_BRIEF_. Nothing outside the range below should be printed. Output exactly the lines from the line with "組圖:電視片《唐人街》簽約儀式在京舉行 2002年06月21日 14:59" to the line with "啊康,天津港深度参加了十五五", both included.

_INFORMATION_.
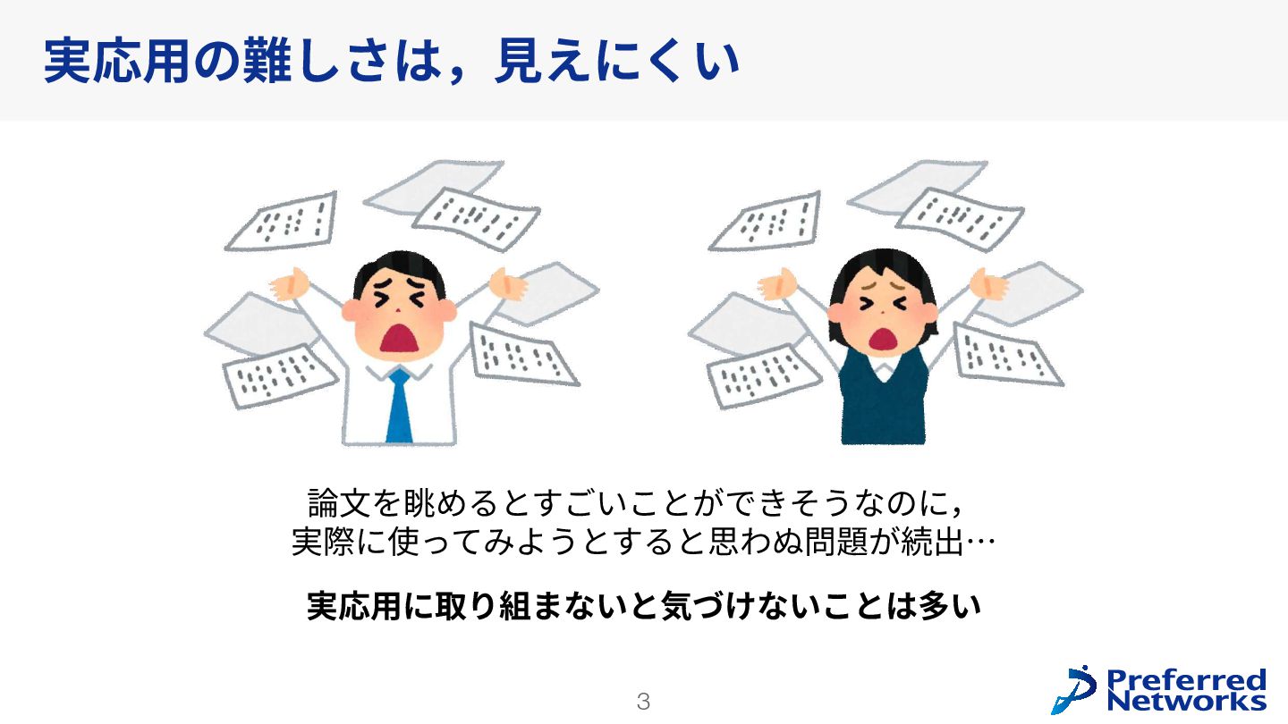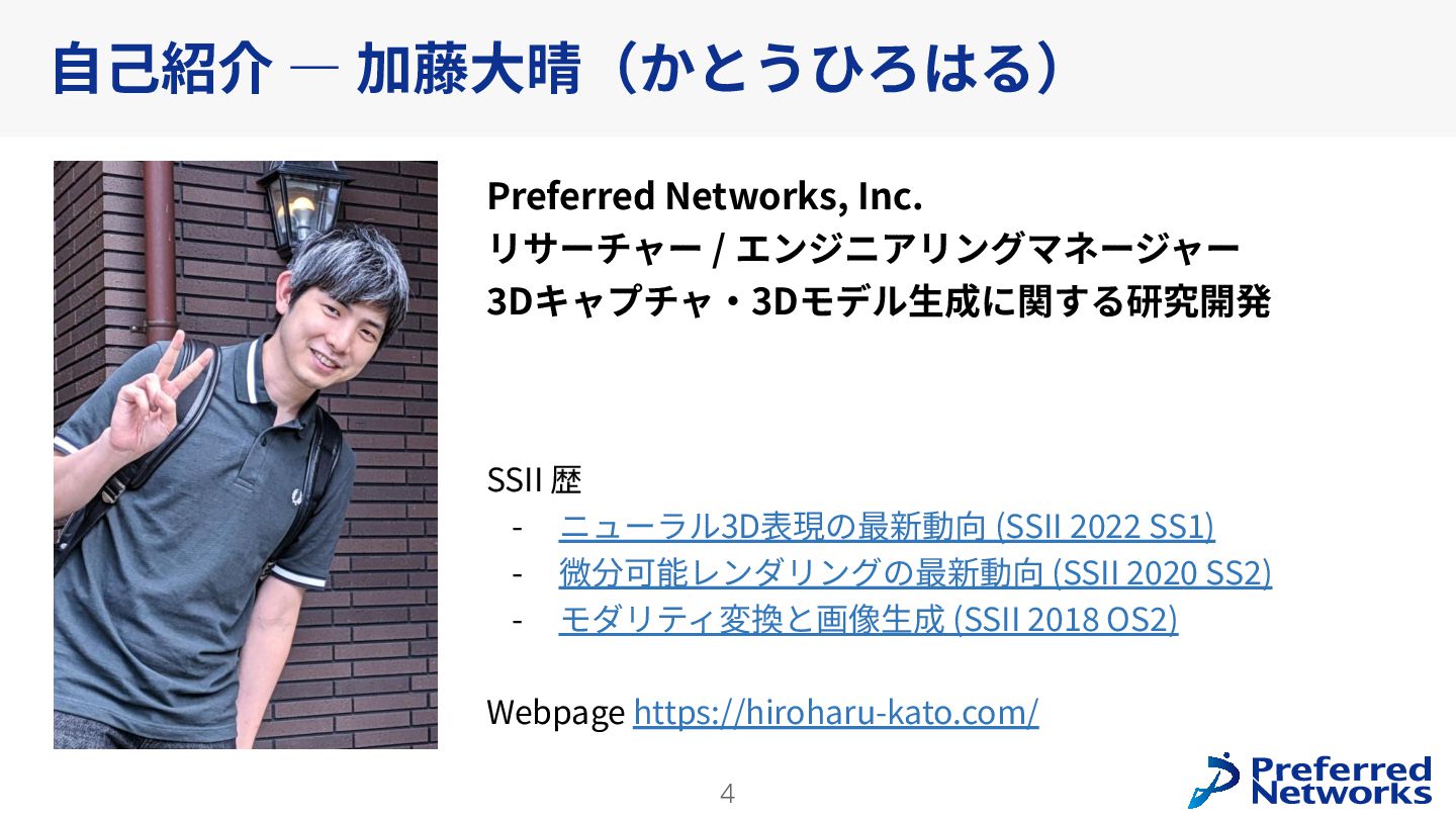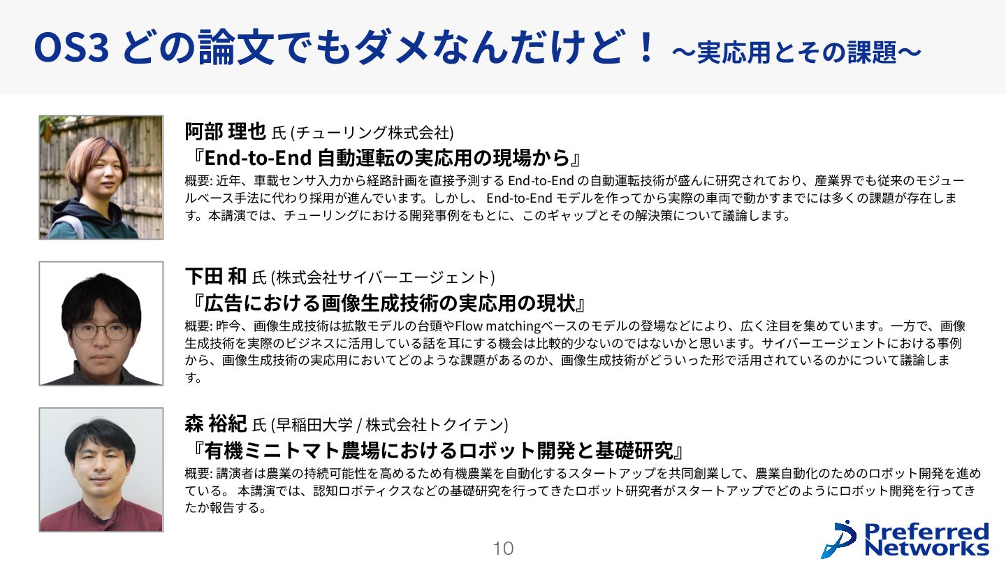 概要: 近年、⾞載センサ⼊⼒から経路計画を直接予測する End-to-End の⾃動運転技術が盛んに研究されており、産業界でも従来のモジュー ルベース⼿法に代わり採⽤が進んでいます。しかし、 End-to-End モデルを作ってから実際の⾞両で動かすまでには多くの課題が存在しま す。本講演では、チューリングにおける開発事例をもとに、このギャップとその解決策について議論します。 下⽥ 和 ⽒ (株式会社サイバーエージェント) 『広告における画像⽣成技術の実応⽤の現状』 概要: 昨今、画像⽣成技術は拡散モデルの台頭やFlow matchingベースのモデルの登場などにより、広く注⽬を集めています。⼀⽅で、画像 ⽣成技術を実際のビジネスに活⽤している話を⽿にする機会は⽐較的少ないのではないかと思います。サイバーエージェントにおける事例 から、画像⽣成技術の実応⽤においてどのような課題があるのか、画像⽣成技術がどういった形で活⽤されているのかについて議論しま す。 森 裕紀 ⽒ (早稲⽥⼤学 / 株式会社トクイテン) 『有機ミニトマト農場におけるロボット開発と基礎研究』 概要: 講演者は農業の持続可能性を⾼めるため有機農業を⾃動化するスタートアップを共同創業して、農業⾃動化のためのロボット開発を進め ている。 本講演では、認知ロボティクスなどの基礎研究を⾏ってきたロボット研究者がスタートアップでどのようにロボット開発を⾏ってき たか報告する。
* * *
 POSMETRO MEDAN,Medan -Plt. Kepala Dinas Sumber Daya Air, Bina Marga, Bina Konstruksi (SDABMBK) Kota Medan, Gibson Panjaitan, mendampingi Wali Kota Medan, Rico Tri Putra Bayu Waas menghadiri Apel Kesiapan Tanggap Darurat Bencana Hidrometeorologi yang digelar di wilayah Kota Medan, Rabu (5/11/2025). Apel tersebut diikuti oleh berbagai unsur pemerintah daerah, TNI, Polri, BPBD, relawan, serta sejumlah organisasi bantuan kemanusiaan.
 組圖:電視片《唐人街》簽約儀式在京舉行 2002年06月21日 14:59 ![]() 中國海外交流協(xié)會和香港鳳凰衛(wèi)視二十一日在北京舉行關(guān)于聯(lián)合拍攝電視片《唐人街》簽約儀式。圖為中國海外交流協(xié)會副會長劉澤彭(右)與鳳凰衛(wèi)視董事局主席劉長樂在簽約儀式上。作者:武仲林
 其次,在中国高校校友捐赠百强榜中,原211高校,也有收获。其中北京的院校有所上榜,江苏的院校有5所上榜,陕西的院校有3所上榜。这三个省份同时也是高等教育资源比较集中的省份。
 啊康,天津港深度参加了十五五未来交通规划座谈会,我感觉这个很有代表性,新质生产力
...
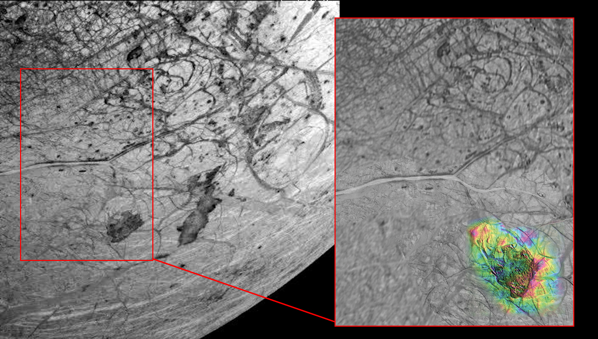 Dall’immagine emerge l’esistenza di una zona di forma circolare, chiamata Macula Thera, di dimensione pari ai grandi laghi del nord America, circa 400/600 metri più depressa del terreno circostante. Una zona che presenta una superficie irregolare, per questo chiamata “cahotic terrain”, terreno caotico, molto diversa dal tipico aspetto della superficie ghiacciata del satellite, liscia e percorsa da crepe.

_FINAL ANSWER_.
 組圖:電視片《唐人街》簽約儀式在京舉行 2002年06月21日 14:59 ![]() 中國海外交流協(xié)會和香港鳳凰衛(wèi)視二十一日在北京舉行關(guān)于聯(lián)合拍攝電視片《唐人街》簽約儀式。圖為中國海外交流協(xié)會副會長劉澤彭(右)與鳳凰衛(wèi)視董事局主席劉長樂在簽約儀式上。作者:武仲林
 其次,在中国高校校友捐赠百强榜中,原211高校,也有收获。其中北京的院校有所上榜,江苏的院校有5所上榜,陕西的院校有3所上榜。这三个省份同时也是高等教育资源比较集中的省份。
 啊康,天津港深度参加了十五五未来交通规划座谈会,我感觉这个很有代表性,新质生产力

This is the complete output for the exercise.